Built on 02-telephony-and-audio-integration.md. This chapter turns forked frames into transcripts and decides turn boundaries. Endpointing here is the same turn-detection pressure that barge-in (chapter 02) opened and that orchestration (chapter 04) spends from the turn budget. The partial vs final transcript tradeoff named in the overview lands here.
Note: the voice-agents module covers acoustic models, CTC/attention decoders, and beam search in depth. This chapter assumes that and focuses on the contact-center seam: streaming transcription over a lossy phone channel, the interim-vs-final tradeoff, endpointing/turn detection, diarization, and the accent/noise robustness the billing line actually needs.
What the media layer handed us, and what it cannot tell us¶
Chapter 02 got 20 ms μ-law frames to the model during the turn, not after it, and warned that the channel drops frames and mangles digits. That solved delivery. It said nothing about understanding. A stream of frames is just energy over time. The bot still needs two things from it: the words ("what's my balance"), and the boundary ("the caller has finished their turn, my turn now").
The first is transcription. The second is endpointing — and it is the one that quietly decides whether the bot feels human. A perfect transcript that arrives 900 ms after the caller stopped feels robotic. A fast transcript that the bot acts on before the caller finished their sentence cuts them off. Both are failures, and both are decided here, before the LLM has seen a single word.
By the end you can name the difference between an interim and a final transcript, why acting on the wrong one breaks the call, how endpointing decides the caller is done rather than just pausing, why two speakers on one channel need diarization, and why phone accents and background noise are correctness problems on the highest-stakes tokens.
What this file solves¶
A bot can transcribe a clean studio recording perfectly and still mishear "4417" as "417" on a phone, or cut a caller off the moment they breathe, or transcribe the bot's own voice as caller speech. This file shows how streaming ASR emits unstable interim transcripts and stable finals, how endpointing detects end-of-turn from silence and meaning, how diarization separates caller from agent on a mixed channel, and how to confirm high-stakes tokens — so the bot takes its turn at the right moment with the right words.
Why "did they stop talking" is the wrong question¶
The naive view of turn-taking: the caller is talking when there's audio energy, and done when it goes quiet.

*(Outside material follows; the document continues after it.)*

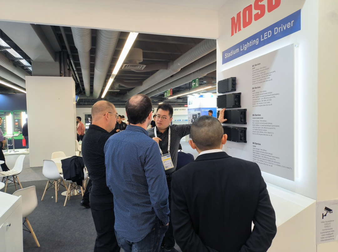 茂硕电源作为全球电源行业佼佼者,一直致力于创新和品质的追求,始终聚焦发展LED智能驱动电源、消费电子类电源、光伏发电及储能业务,在此次展会中充分展示了公司强大的技术实力、产品优势和市场潜力。公司常务副总裁兼茂硕电子总经理聂锋先生率队,与工业照明驱动事业部总经理伍飞宇女士,茂硕电子产品副总经理冯涌波先生以及欧洲地区销售同事一同,热情接待了来自世界各地的客商。

Detect 300 ms of silence, declare the turn over, send the transcript to the LLM. A voice-activity detector (VAD) gives you exactly this for almost no cost.
It works on a demo where people speak in clean, complete sentences. It falls apart on a real billing call, because humans pause inside a turn constantly. "My account number is four... four... one... seven" has three silences longer than 300 ms, none of which mean "I'm done." Trust silence alone and the bot interrupts after the first "four," asks "is that your whole number?", and the caller — who was mid-thought — is now furious. The opposite tuning (wait 1500 ms to be safe) adds 1.5 seconds of dead air to every turn, and the bot feels slow and dim.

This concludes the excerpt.